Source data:
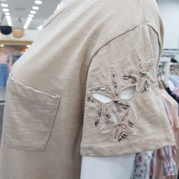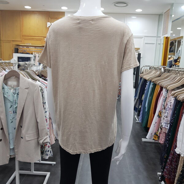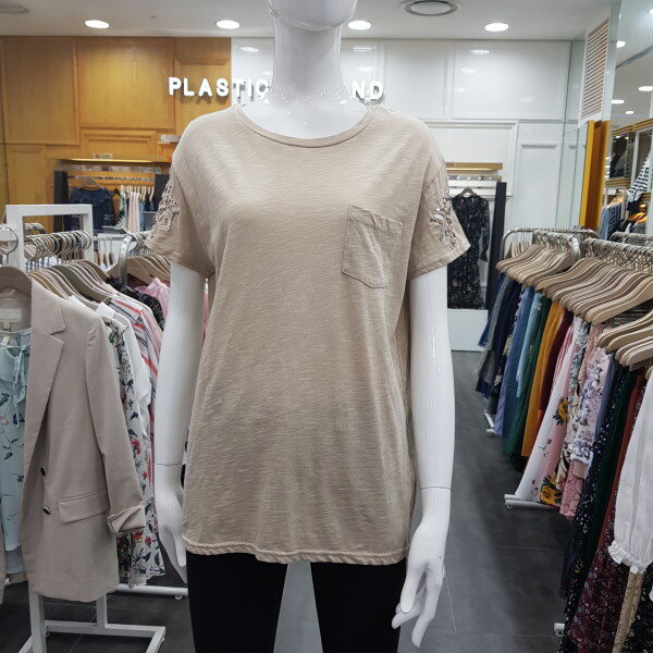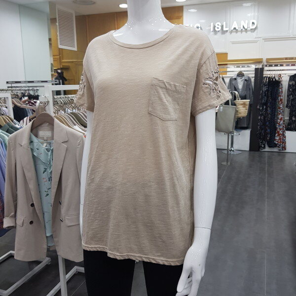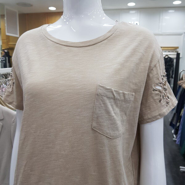 소매 비즈 포인트 티셔츠예요~깔끔하면서 소매 포인트가 여성스러움을 더해줍니다~
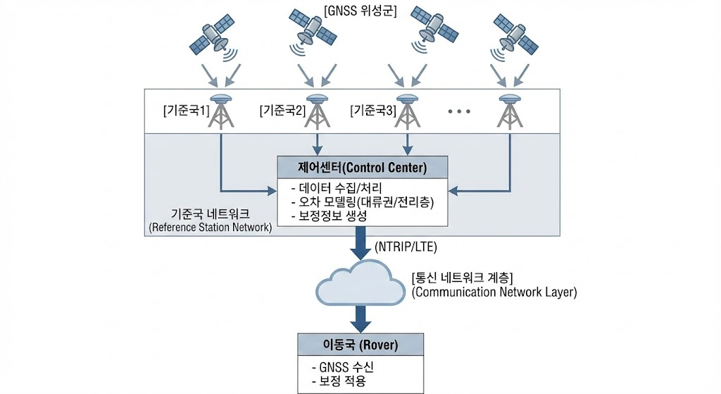 - 단일 기준국 RTK의 거리 제약(10~15km) 극복하고 광역 서비스 제공, 기준국 간 오차 모델링으로 정확도·신뢰성 향상
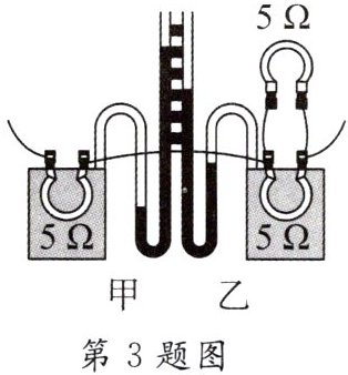 3. 如图是探究“电流通过导体时产生热量的多少跟什么因素有关”的实验装置。两个相同的透明容器中密封着等量且初温相同的空气,甲、乙两个U形管中液面初始状态是等高相平,通电一段时间后液面的高度如图所示。下列说法错误的是(
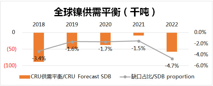 在新能源汽車增長的拉動(dòng)下,三元?jiǎng)恿﹄姵赜昧垦该驮鲩L,從而帶動(dòng)了鎳資源的需求大爆發(fā),英國商品研究機(jī)構(gòu)(CRU)推算2017-2019年累計(jì)缺口為12.5萬金屬噸,到2025年新能源汽車將新增48萬噸以上鎳金屬的需求,供需缺口將進(jìn)一步拉大,由此引發(fā)全球鎳資源告急。
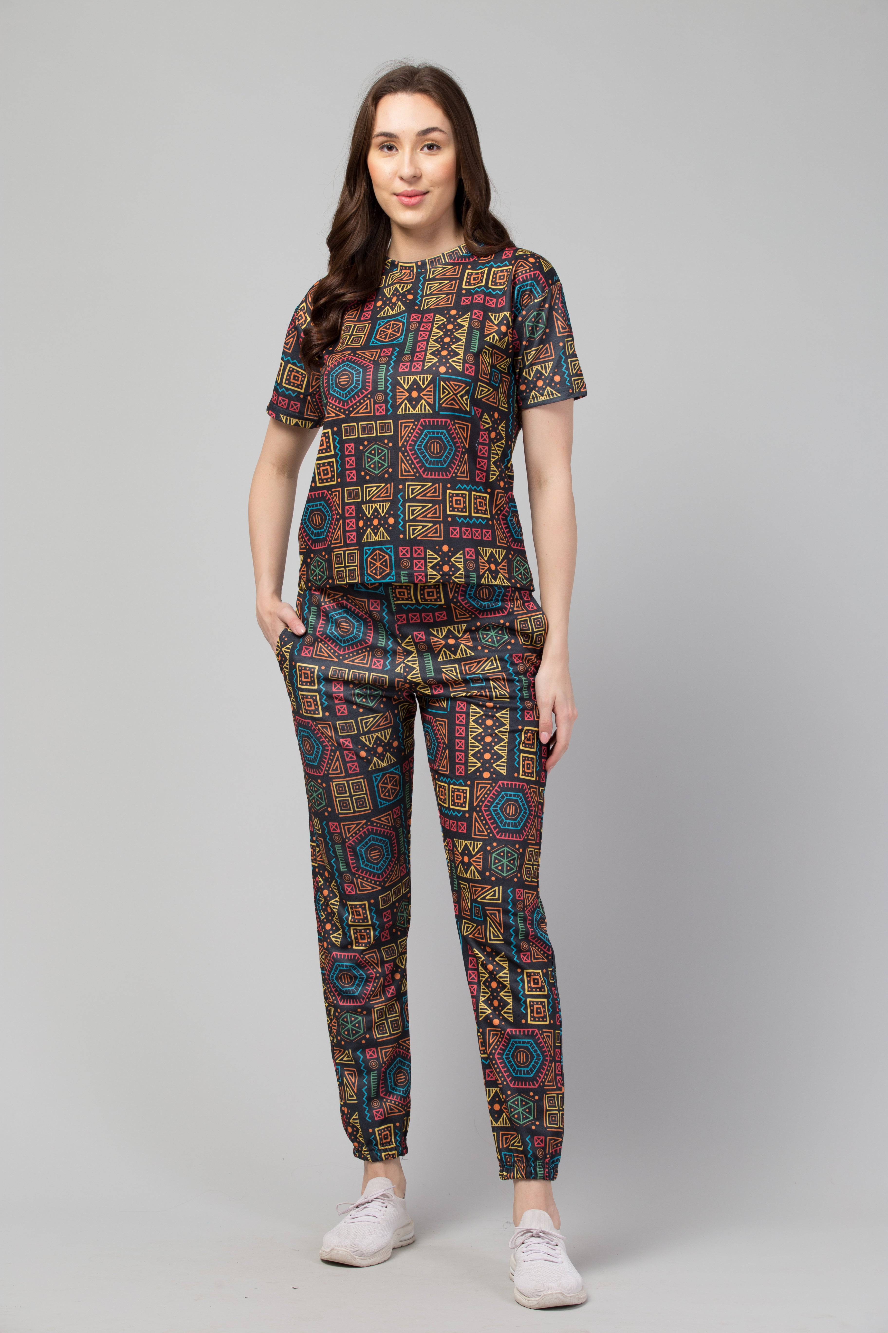 Discover the allure of tribal art with our "Abstract Aztec Coord Set". This t-shirt and jogger combo features a unique blend of tribal abstraction and cubist inspiration, resulting in a standout print that's sure to draw eyes. Traditional Indian motifs and detailed line-work add an intriguing layer of depth to the design, while crossed colors and colorful mosaics create a vibrant, playful aesthetic. The texture is richly detailed, giving the ensemble a distinctive, tactile appeal. Ideal for those who appreciate the unconventional, the Abstract Aztec Coord Set brings artistry and comfort together in one stylish package.

Problem statement: A faithful copy of the entries above is needed, one that contains no images.

Response:
 소매 비즈 포인트 티셔츠예요~깔끔하면서 소매 포인트가 여성스러움을 더해줍니다~
 - 단일 기준국 RTK의 거리 제약(10~15km) 극복하고 광역 서비스 제공, 기준국 간 오차 모델링으로 정확도·신뢰성 향상
 3. 如图是探究“电流通过导体时产生热量的多少跟什么因素有关”的实验装置。两个相同的透明容器中密封着等量且初温相同的空气,甲、乙两个U形管中液面初始状态是等高相平,通电一段时间后液面的高度如图所示。下列说法错误的是(
 在新能源汽車增長的拉動(dòng)下,三元?jiǎng)恿﹄姵赜昧垦该驮鲩L,從而帶動(dòng)了鎳資源的需求大爆發(fā),英國商品研究機(jī)構(gòu)(CRU)推算2017-2019年累計(jì)缺口為12.5萬金屬噸,到2025年新能源汽車將新增48萬噸以上鎳金屬的需求,供需缺口將進(jìn)一步拉大,由此引發(fā)全球鎳資源告急。
 Discover the allure of tribal art with our "Abstract Aztec Coord Set". This t-shirt and jogger combo features a unique blend of tribal abstraction and cubist inspiration, resulting in a standout print that's sure to draw eyes. Traditional Indian motifs and detailed line-work add an intriguing layer of depth to the design, while crossed colors and colorful mosaics create a vibrant, playful aesthetic. The texture is richly detailed, giving the ensemble a distinctive, tactile appeal. Ideal for those who appreciate the unconventional, the Abstract Aztec Coord Set brings artistry and comfort together in one stylish package.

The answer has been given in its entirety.